Presiden Prabowo Subianto menggelar rapat terbatas bersama sejumlah menteri kabinet di kediaman pribadinya di Hambalang, Bogor, Jawa Barat, Minggu (11/1/2026). Pertemuan tersebut membahas langkah pemerintah dalam memperkuat sektor industri strategis dan mendorong investasi bernilai besar pada awal 2026.
Sekretaris Kabinet Letkol Teddy Indra Wijaya menyampaikan bahwa Presiden meminta penguatan industri tekstil dan garmen nasional dilakukan secara serius. Salah satu langkah yang ditekankan adalah pembenahan rantai pasok agar industri dalam negeri lebih efisien dan mampu bersaing dengan produk impor.
Tak hanya itu, Presiden juga menaruh perhatian pada pengembangan industri berbasis teknologi tinggi. Dalam rapat tersebut dibahas perlunya investasi pada sektor semikonduktor untuk mendukung pertumbuhan industri otomotif, elektronik, dan ekonomi digital Indonesia.
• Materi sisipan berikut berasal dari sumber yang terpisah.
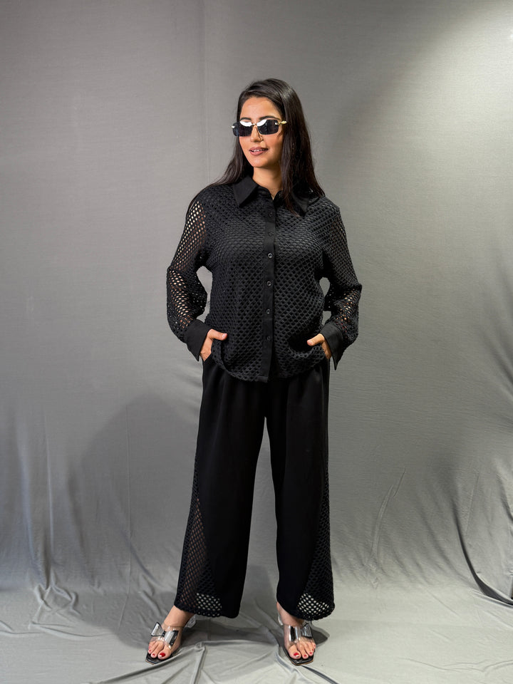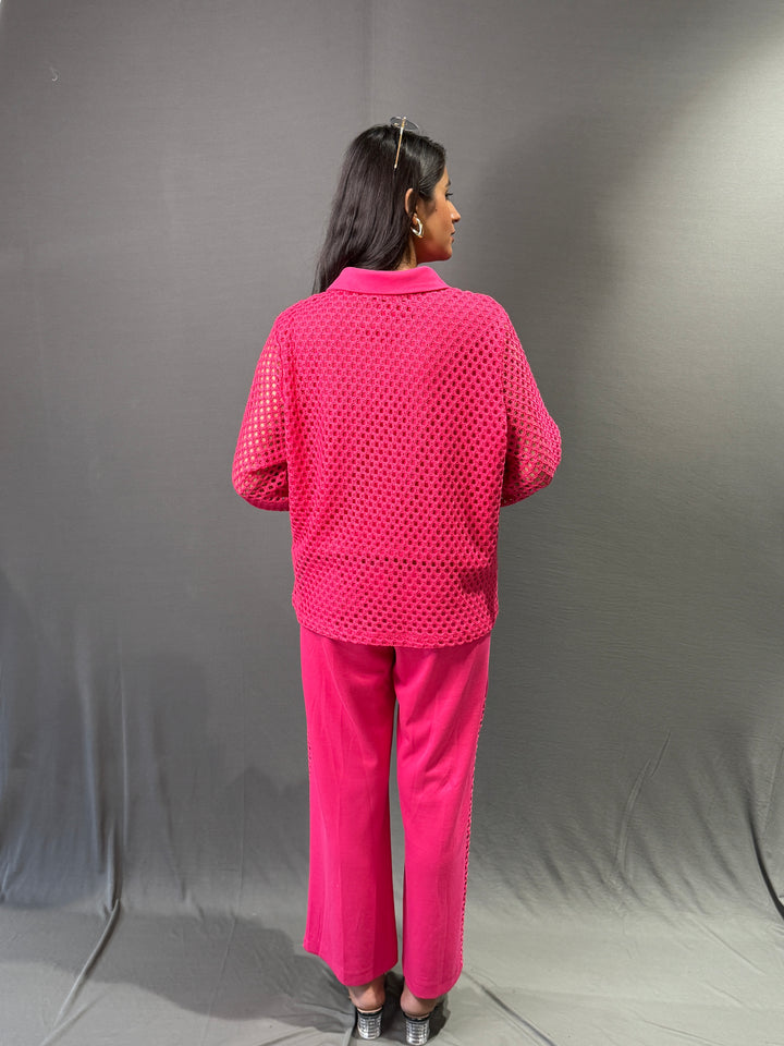 Make a bold statement with this vibrant hot pink co-ord set, featuring a textured button-down shirt paired with matching wide-leg pants. Designed for both comfort and style, this outfit is perfect for casual outings, brunch dates, or chic evening looks. The breathable fabric and trendy cutouts add a modern touch, while the coordinated design ensures effortless elegance. Pair it with heels or flats for a versatile, standout look.

Pemerintah juga menyiapkan agenda pelaksanaan groundbreaking enam proyek hilirisasi baru yang direncanakan berlangsung pada awal Februari 2026. Keenam proyek tersebut memiliki nilai investasi sekitar USD6 miliar dan menjadi bagian dari upaya mempercepat nilai tambah sumber daya nasional.